- Location of Supreme Governing Junta
- Capital: Lima
- Common languages: Spanish
- Religion: Catholicism
- Government: Military junta
- • 1822–1823: José de la Mar
- • 1822–1823: Manuel Salazar
- • 1822–1823: Felipe Alvarado [es]
- Legislature: Constituent Congress of Peru
- • Established: 20 July 1822
- • First Intermedios campaign: October 1822–January 1823
- • Balconcillo mutiny: 27 February 1823
- Currency: Peruvian real
| Preceded by | Succeeded by |
| / Protectorate of Peru | Peruvian Republic / |

= Supreme Governing Junta =

Governing institution of Peru

The Supreme Governing Junta (Suprema Junta Gubernativa), also known as the Supreme Governing Junta of Peru (Suprema Junta Gubernativa del Perú), was the military junta that governed Peru as the country's executive power after José de San Martín renounced his title of Protector of Peru in September of 1822. It was created on July 20, 1822, by the country's Constituent Congress.

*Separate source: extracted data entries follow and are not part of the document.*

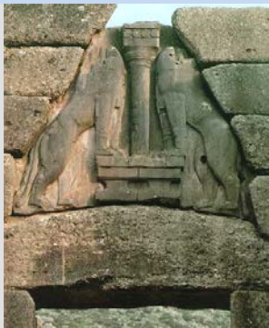
Puerta de los leones, Micenas

Esta etapa coincide con el apogeo de la civilización creto-micénica . Las manifestaciones literarias de este período fueron en verso y se caracterizó por la oralidad.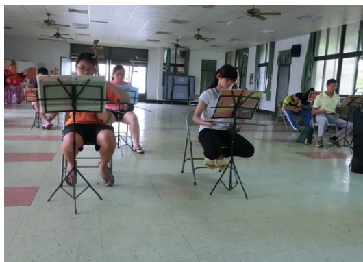
圖 12. 組員 2015/11/1 在社區活動中心 參訪美濃客家八音班練習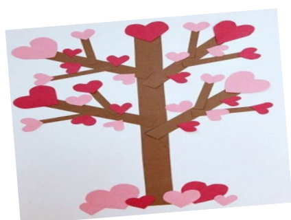
MY VALENTINE TREE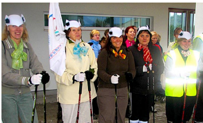
Piilupesa lasteaia võistkond sai parima kostüümi auhinna.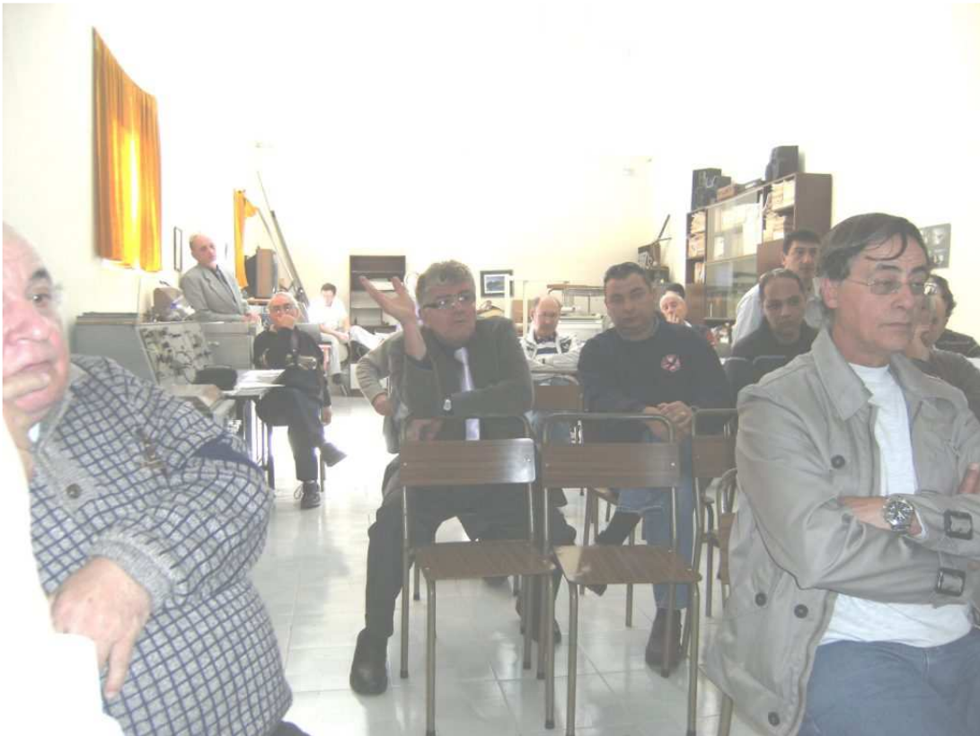
Ritratti 9H1AV, 9H9MHR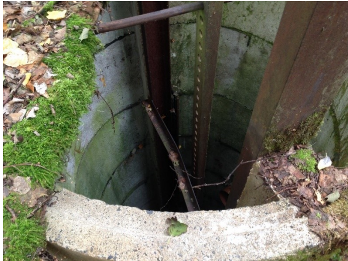
Kuva 3: Vanha vesienkäsittelyyn liittyvä kaivo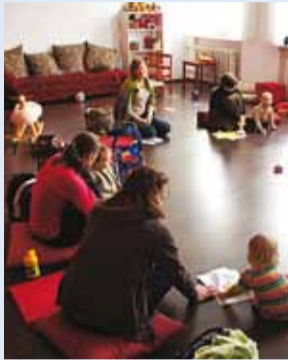
Koolitus aitab endast ja oma lastest paremini aru saada.

Tänu vallavalitsuse ja MTÜ Avituse koostööle on Viimsi emadel ja isadel võimalik osaleda mõnevõrra unikaalsel koolitusel.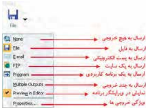
شکل ۴-۴ لیست بازشوی Output

در این قسمت خروجی حاصل از عملیات Capture می‌تواند در قالب یک فایل ویدیویی، ارسال به یک پست الکترونیکی یا یک سایت مشخص و حتی به یک برنامه‌ی خاص صورت گیرد.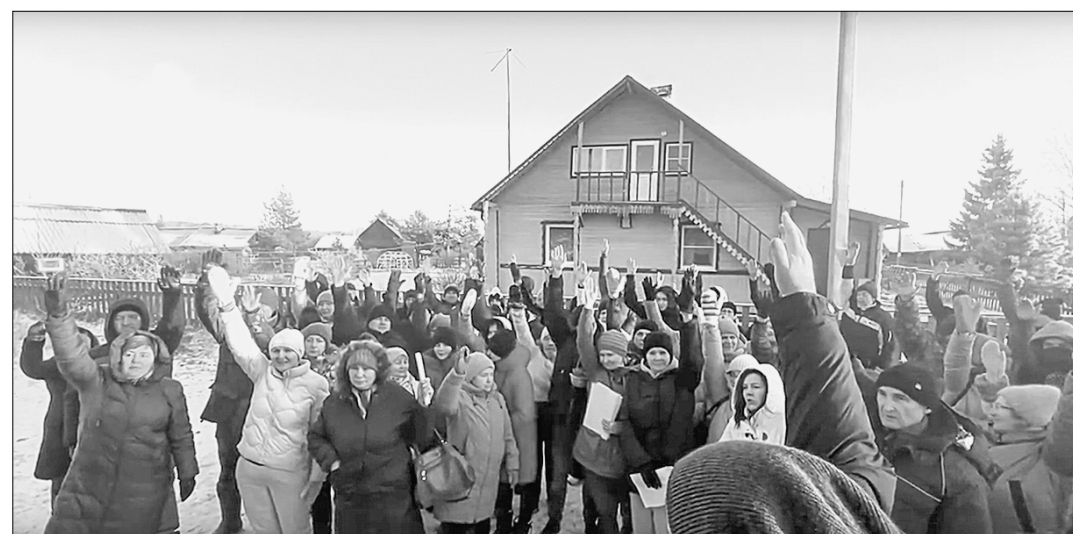
Жители Киндасово голосуют против того, чтобы их деревня считалась «самой весёлой» в России.

В 2025 году схема повторяется. Слушания снова назначены через платформу обратной связи на «Госуслугах», а значит, участвовать могут только зарегистрированные жители Пряжинского городского поселения (а туда входят пг. Пряжа, д. Киндасово и д. Манья). Собственники земли, про-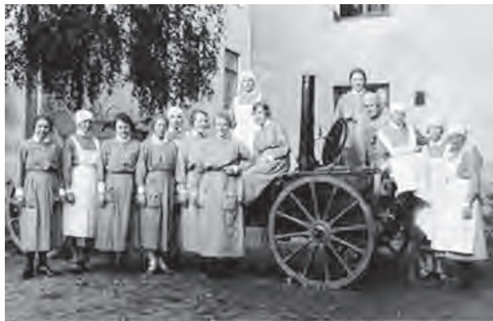
Lotat vapauttivat noin 100.000 miestä rintamalle.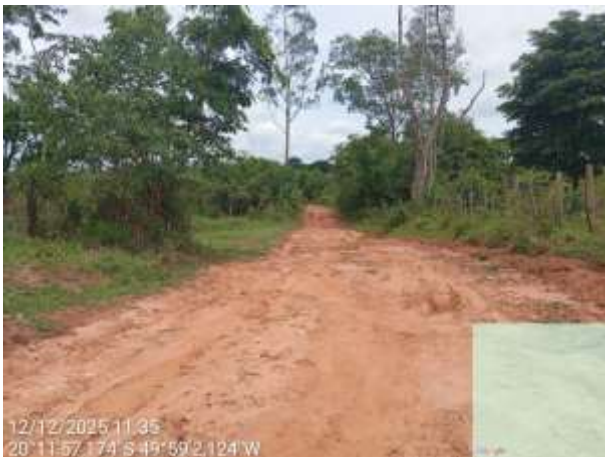
AVF - 342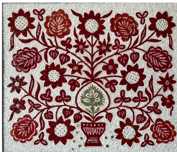
Іл. 3. Емілі Міллер. «Дерево життя із золотим серцем» Мозаїка за зразком народної вишивки XIX ст. 2018 рік. Матеріал: венеціанське скло, сусальне золото.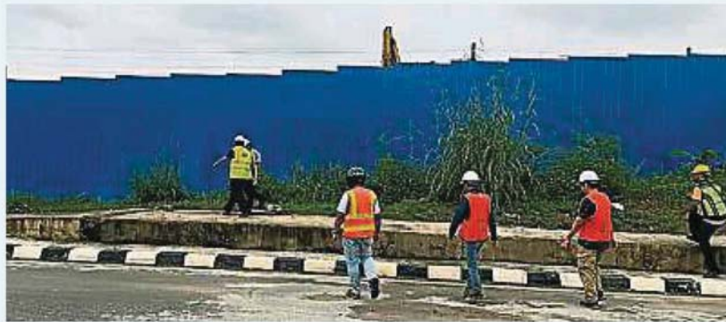
淹水现场，调查原因。 乌冷公共工程局官员视察。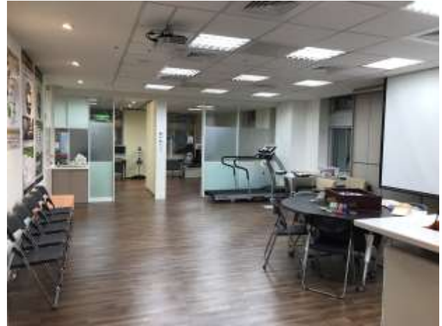
展齡服務暨研究中心

Its members—José de La Mar (president of the Junta), Felipe Antonio Alvarado and Manuel Salazar y Baquíjano—were chosen from among the deputies of the same Congress. Its primary mission was to end the War of Independence, since the royalist forces under the command of Viceroy of Peru José de la Serna were still resisting in southern and central Peru. This was carried out through the First Intermedios campaign that lasted from October 1822 to January 1823, in which the United Liberating Army, headed by General Rudecindo Alvarado, was defeated in two battles: those of Torata in January 19, and of Moquegua in January 21.

After the failed military campaign against Serna's forces, the military leaders of the Peruvian Army garrisoned in Lima rose up against the Junta and the Congress in what became known as the Balconcillo mutiny, the first coup d'état in the history of Peru.